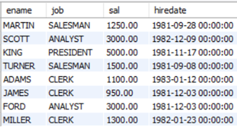 > SELECT ename, job, hiredate, sal FROM emp
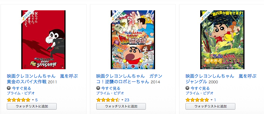 最近では、007の全23作品を独占配信しましたが、他にも「劇場版ドラえもん」「劇場版クレヨンしんちゃん」が独占配信されています。改めて言いますが、Amazonプライムのおまけサービスですよ??
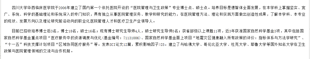 2020年四川大学华西临床医学院医学管理与卫生政策考研学科介绍
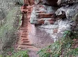 The betrothal of the poet Robert Burns and "Highland Mary" (Mary Campbell) is said to have taken place here in 1786[4] or at nearby Coilsfield.[5] In 1921, local Freemasons erected a memorial stone to commemorate this event.[6] By 1895 the ford is no longer shown.[7]
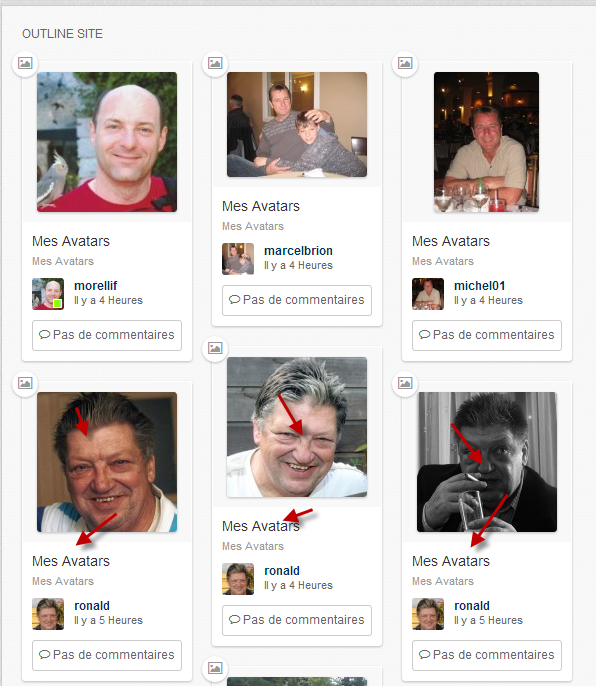 Uploaded photos are not as grouped in the same tiles on the outline, but every once in a separate tile. If a member downloads 10 avatars succession it takes a lot of space on the outline ... Baloo |
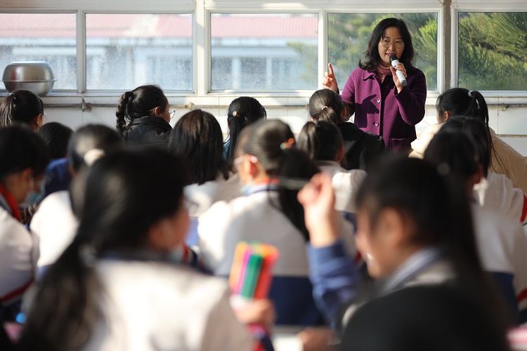 開設公益科普課程和專題培訓,賦能基層醫(yī)護人員,提高涼山醫(yī)療服務水平。捐贈發(fā)放約4200萬元衛(wèi)生用品,開展主題活動、發(fā)放健康知識宣傳手冊,幫助女童了解掌握青春期生理心理衛(wèi)生知識,提升生理心理健康水平和自護能力。圖為中國兒基會“促進涼山女童教育發(fā)展”公益項目在四川省涼山州西昌市西寧中學舉行落地活動,四川省師范大學心理學副教授為女同學上青春期心理輔導課。

..........

> **Task brief**:
Set down the records above word for word, from the first line through the line containing "Uploaded photos are", both included; leave out the pictures.

> **Written answer**:
 > SELECT ename, job, hiredate, sal FROM emp
 最近では、007の全23作品を独占配信しましたが、他にも「劇場版ドラえもん」「劇場版クレヨンしんちゃん」が独占配信されています。改めて言いますが、Amazonプライムのおまけサービスですよ??
 2020年四川大学华西临床医学院医学管理与卫生政策考研学科介绍
 The betrothal of the poet Robert Burns and "Highland Mary" (Mary Campbell) is said to have taken place here in 1786[4] or at nearby Coilsfield.[5] In 1921, local Freemasons erected a memorial stone to commemorate this event.[6] By 1895 the ford is no longer shown.[7]
 Uploaded photos are not as grouped in the same tiles on the outline, but every once in a separate tile. If a member downloads 10 avatars succession it takes a lot of space on the outline ... Baloo |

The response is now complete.